“Protein is the key ingredient for muscle building, and while the idea of eating animal protein may be the first thing on our minds, it is also important to seek out meat-free sources of protein,” says Rania Batayneh, a nutritionist who holds a master’s of public health and wrote “The One One One Diet: The Simple 1:1:1 Formula for Fast and Sustained Weight Loss.”
After all, 2017 research in the American Journal of Clinical Nutrition shows that it’s the total amount of protein that you get that matters for your muscles (not source!). Meanwhile, according to previous research in JAMA Internal Medicine, getting your protein from plants is linked with lower mortality.
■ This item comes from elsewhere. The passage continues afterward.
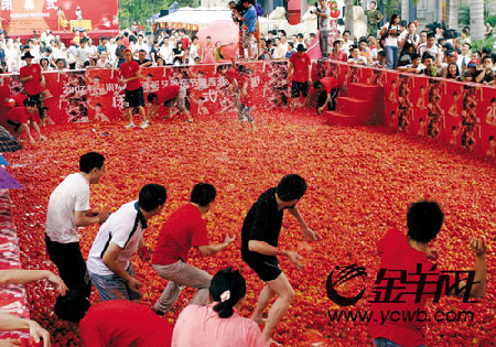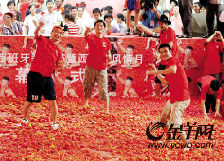 据介绍,每年8月最后一个星期三,在西班牙巴伦西亚地区的布诺小镇都举行一年一度的民间传统节日番茄节——“番茄大战”。“参战”和“观战”的人数达数万人之多。此次华南MALL西班牙番茄节的定位是一次中国民间的狂欢节,在保留西班牙番茄节“原汁原味”的同时,还根据我国的风俗习惯,作了相应的调整。

That’s because, non-meat protein sources contain nutrients that pork chops and chicken breasts just don’t, Batayneh says. Think: fiber, calcium, vitamin D and phytonutrients (healthful chemical compounds found in plants).
These nutrients support not only overall health, but also running performances and fitness results. For example, calcium is vital to healthy muscle cell signaling and contractions. And phytonutrients promote post-run muscle recovery, she explains. So, when choosing where you’ll get your protein, it’s important to consider a food’s entire nutrient profile and how it will help you reach your individual fitness and muscle-strengthening goals.
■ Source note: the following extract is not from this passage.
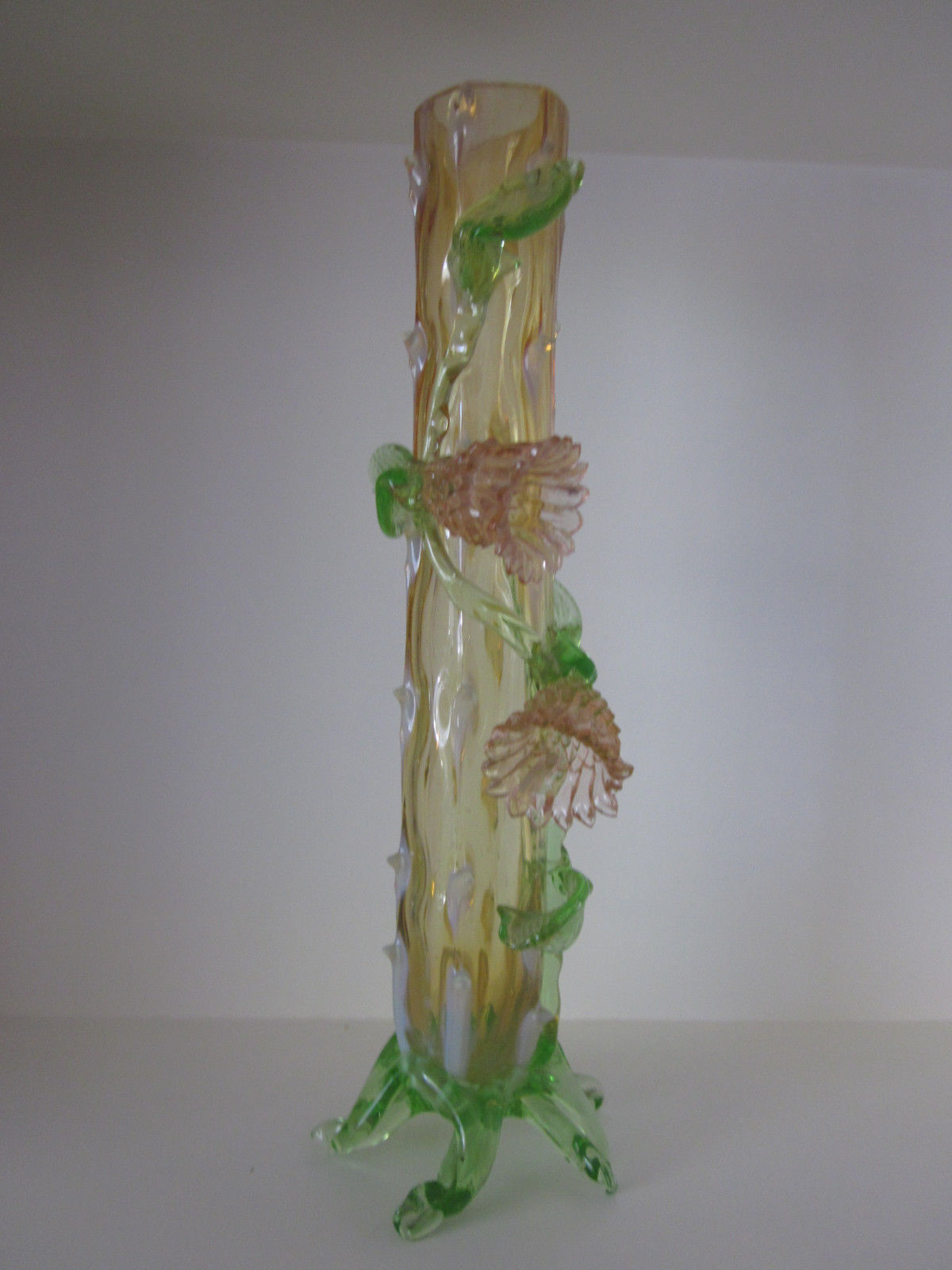 Title (ebay affiliate link): ANTIQUE TALL STEVENS AND WILLIAMS URANIUM & VASELINE ART GLASS VASE A/F

Here, nutritionists share seven meat-free foods that will help you build strong, vegetarian muscle and get the most out of every run:
1. Eggs
Fun fact: Eggs are the number-one bioavailable source of protein. That means that your body can absorb and use protein from eggs better than it can protein from any other source, explains Chicago-based registered dietitian nutritionist Vicki Shanta Retelny, author of “Total Body Diet For Dummies.” She explains that the exact blend of amino acids (the building blocks of protein) contained in a food significantly impacts how much of its protein your body is able to absorb and turn into muscle. High vitamin and mineral levels also help the body more efficiently take in and use protein, she says. Eggs have both.